Fala Ritter. Tbm não estou acreditando que chegamos a sexta temporada, passou rápido demais! Porém o lema ainda é o mesmo, estamos nesse barco esperando que os produtores aprendam com os erros, que já vem lá da segunda temporada, será que agora vai? Espero que sim, mas estou com você, mais cético que tudo!
Gostei do que vi nesse episódio e ver a personalidade paz e amor do Morgan morrer já valeu a pena! Agora e torcer para trabalharem bem o Morgan que ficou, atrelado com o restante dos mistérios que jogaram.
Quem será que salvou ele???? Madison??? Não vai ser! Mas eu iria engolir facilmente se fosse.

Responder
planocritico 15 de outubro de 2020 - 15:33

MUITO cético. O que mais desgostei do episódio foram os “mistérios”. Aquele submarino no final me passa a impressão de uma mega bobagem…

E sim, eu ACEITO se tiver sido a Madison que salvou o Morgan!

Abs,
Ritter.

Responder
Clayton Lucena 15 de outubro de 2020 - 20:20

Sim, isso me cheira a uma tremenda bobagem, mas, se estamos aqui nos resta torcer pra ser pelo menos bem trabalhado.
A chave abre o submarino e ela estará lá só esperando a galera para voltar com o plot de ilha da semana hahahahaha
#MadisonVIve

Responder
planocritico 17 de outubro de 2020 - 00:03

Tá valendo!!!

#MadisonVive

Abs,
Ritter.

Responder
Elox 15 de outubro de 2020 - 14:04

Nossa, tb espero que tirem qualquer coelho da cartola pra ressurgir a Madison.Excelente personagem que ainda tinha muito a acrescentar. A gente aguenta uma forçação de barra para isso kkkkkkkkkk manda um Deus ex machina aí, direção!

Responder
planocritico 15 de outubro de 2020 - 15:33

Aguentamos mesmo! Podem dizer que ela ficou em coma em um bunker subterrâneo tratada por duendes mágicos que eu aceito!

Abs,
Ritter.

Responder
Sussurrador 15 de outubro de 2020 - 14:04

Imagina a temporada toda ser nesse nível…mas ainda tenho medo só resta torcer!

Responder
planocritico 15 de outubro de 2020 - 15:33

Como alguém que só se desapontou com FTWD, duvido muito!
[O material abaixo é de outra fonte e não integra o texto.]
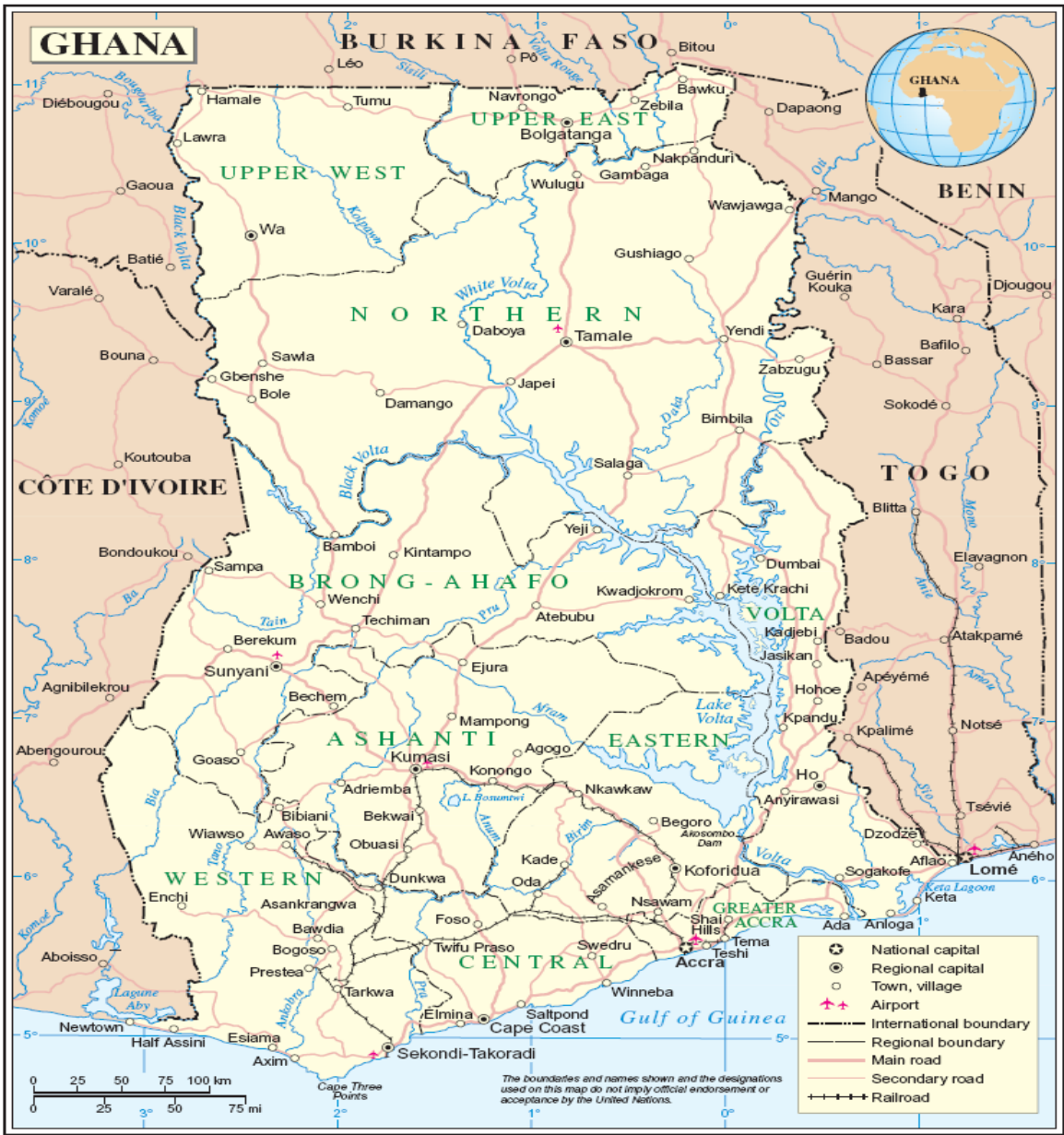
Fig. 1: Map of Ghana

A United States Census Bureau estimate for 2008 shows Ghana's population at 23.4 million, with half the population being below the age of 15. The current growth rate of the population is estimated at 1.9 per cent (US Census Bureau, 2008).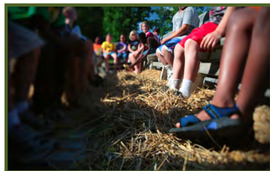
Hay Ride Saturday Night!

Mas não dizem que a esperança é a última que morre?

Abs,
Ritter.

Responder
Léon 17 de outubro de 2020 - 00:03

“Mas a esperança sempre cai vitimada pela razão.” (Esperança – Fábulas).

Desculpa, Ritter. Nada contra você ou contra a série. Não a acompanho (sim, mas venho comentar aqui kkkkkkkkkkkkk). Todavia, estou lendo novamente Fábulas nesta quarente e quando li seu comentário, senti-me compelido a transcrever as palavras da própria Esperança sobre isto. Parafraseando a Esperança: afinal, a razão é a única falha fatal dela.

P.S: Por favor, não me exile deste site!!!!

Responder
planocritico 17 de outubro de 2020 - 12:56

Ninguém que lê e relê Fábulas, aquela maravilha, merece exílio!

Abs,
Ritter.

Responder
Léon 17 de outubro de 2020 - 12:59

É uma maravilha mesmo. Mostrou como é possível dar uma roupagem adulta nos contos clássicos sem tirar a essência de cada um (embora, os contos de fada originais, repassados pela tradição oral, geralmente não eram tão infantis assim…) como também é possível criar uma grande história com universos compartilhados respeitando cada história e fazendo um trabalho acima da média.